Try not to talk to yourself Iike this ❤️ I know it’s hard to do, but this self abuse is the norm. You don’t need to perpetuate what they did by continuing it. Try to realize these thought patterns were implanted in you by virtue of being around someone so unstable and unsafe.
You didn’t deserve to be treated this way. Abusers are good at projecting bc they’re CONVINCED of their truth and not at all open to any other versions. Why do you think that is? If they were open to any version that didn’t fit the image they cling to, they would feel the intense shame of how they’ve really behaved. They need to stay away from that, and do a good job of deflecting and projecting so that you hold their views and doubt your own.

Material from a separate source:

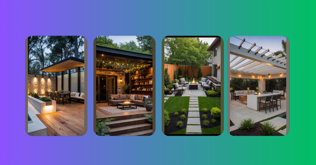 But wait, there’s more to these incredible backyard patio designs than just fire and water! Check out that seriously comfy seating; those plush cushions on the rattan sofa look like they’re practically hugging you. And that cool pergola draped with leafy vines? It’s not just pretty; it provides the perfect amount of dappled shade, so no more battling the sun with awkward squinting. This whole setup is basically begging for a movie night under the stars or a marathon board game session. It truly proves that with some clever design, your backyard can become everyone’s favorite place to unwind, relax, and make all your friends just a little bit jealous.

The way you were treated is a reflection of THEM, not you. They were stupid bc they lost someone of value. All you lost was their illusion.
You were NOT stupid to long for love and connection. This is HUMAN. It’s also human to stay w an abuser bc our biology bonds us to others, especially in trauma. Our body produces more chemical cocktails to keep us bonded to ensure we are not isolated or alone in trauma. This is why war veterans feel like outsiders when they return home. They felt closer to their troops in battle. The problem in modern day is that our body doesn’t know the difference between predatory people and natural disasters. Our central nervous system simply becomes hyper vigilant and oxytocin and other hormones are pumped out to keep up bonded to the abuser. Our minds then get clever and develop cognitive dissonance to make the situation seem less painful and difficult than it is. If we feel this bond (oxytocin) to an abuser, but they’re treating you like a stain on their shoe, your mind struggles to rectify the situation internally. It’s a veritable mess.
Please don’t blame yourself, you’re human and you wanted to love and feel loved. Hopefully this situation will clarify what safety and needs you want in a relationship so that you’ll know what to avoid and get out sooner.
It’s helped me to repeat to myself:
I’m working to separate my need for love and connection with my need for my abuser.
The truth is an abuser was never going to provide the love and connection we all NEED as human beings. They’re the ones that should be sorry and beating themselves up. They will always be alone in their impenetrable egocentric bubble.
Hang in there. I know it hurts. Allow the hurt, validate it, don’t shame it for existing. You’re ok, you’re going to get through this.